The site selected for the race was a faultless plain of ice near
Amsterdam, on that great arm of the Zuyder-Zee, which Dutchmen, of
course, must call the Eye. The townspeople turned out in large numbers.
Strangers in the city deemed it a fine chance to see what was to be seen.
Many a peasant from the northward had wisely chosen the 20th as the
day for the next city-trading. It seemed that everybody, young and old,
who had wheels, skates, or feet at command, had hastened to the scene.

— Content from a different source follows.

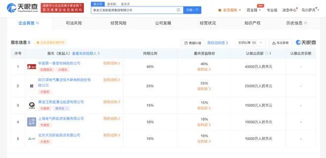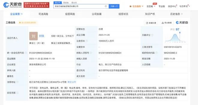 天眼查App顯示,11月20日,黑龍江省新能源集團(tuán)有限公司成立,法定代表人為劉軼,注冊(cè)資本10億人民幣,經(jīng)營(yíng)范圍含新興能源技術(shù)研發(fā)、風(fēng)電場(chǎng)相關(guān)系統(tǒng)研發(fā)、以自有資金從事投資活動(dòng)、風(fēng)力發(fā)電技術(shù)服務(wù)、太陽(yáng)能發(fā)電技術(shù)服務(wù)、儲(chǔ)能技術(shù)服務(wù)、工程管理服務(wù)等。股東信息顯示,該公司由中國(guó)一重(601106)、佳電股份(000922)、黑龍江辰能清潔能源有限公司、上海電氣新能源發(fā)展有限公司、北京天潤(rùn)新能投資有限公司共同持股。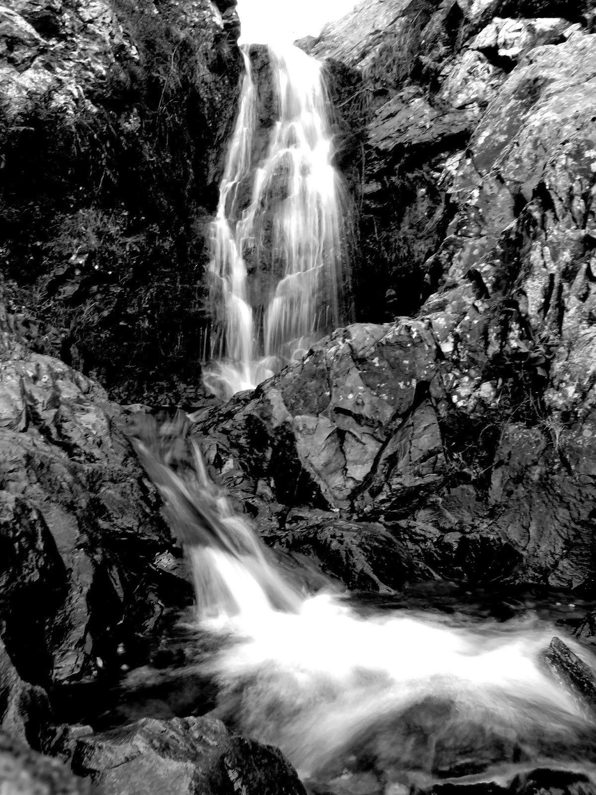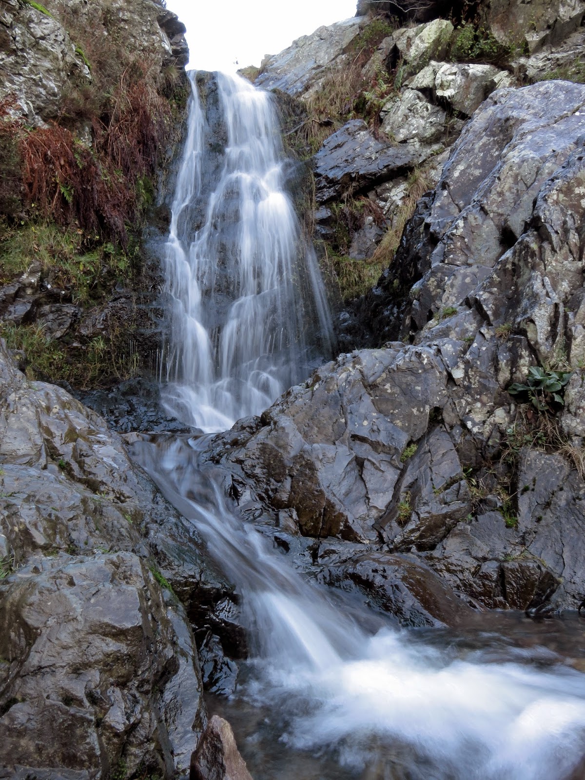 The rocky path, worn smooth in many places, snakes uphill around interlocking spurs before it opens out at the foot of the falls. They are small but perfectly formed, though I think their description as ‘a miniature Niagra’ by the Victorian visitors is a bit of an over exaggeration. Still, it gave ample opportunity to play with the camera.

There were the gentry in their coaches, dressed like Parisians fresh
from the Boulevards; Amsterdam children in charity uniforms; girls
from the Roman-Catholic Orphan-House, in sable gowns and white
headbands; boys from the Burgher Asylum, with their black tights and
short-skirted, harlequin coats. [Footnote: This is not said in derision.
Both the boys and girls of this institution wear garments quartered in
red and black alternately. By making the dress thus conspicuous, the
children are, in a measure, deterred from wrong-doing while going
about the city. The Burgher Orphan-Asylum affords a comfortable

home to several hundred boys and girls. Holland is famous for its
charitable institutions.] There were old-fashioned gentlemen in cocked
hats and velvet knee-breeches; old-fashioned ladies, too, in stiff, quilted
skirts, and bodices of dazzling brocade. These were accompanied by
servants bearing foot-stoves and cloaks. There were the peasant-folk
arrayed in every possible Dutch costume--shy young rustics in brazen
buckles; simple village-maidens concealing their flaxen hair under
fillets of gold; women whose long, narrow aprons were stiff with
embroidery; women with short corkscrew curls hanging over their
foreheads; women with shaved heads and close-fitting caps; and
women in striped skirts and windmill bonnets; men in leather, in
homespun, in velvet and broadcloth; burghers in model European attire,
and burghers in short jackets, wide trousers, and steeple-crowned hats.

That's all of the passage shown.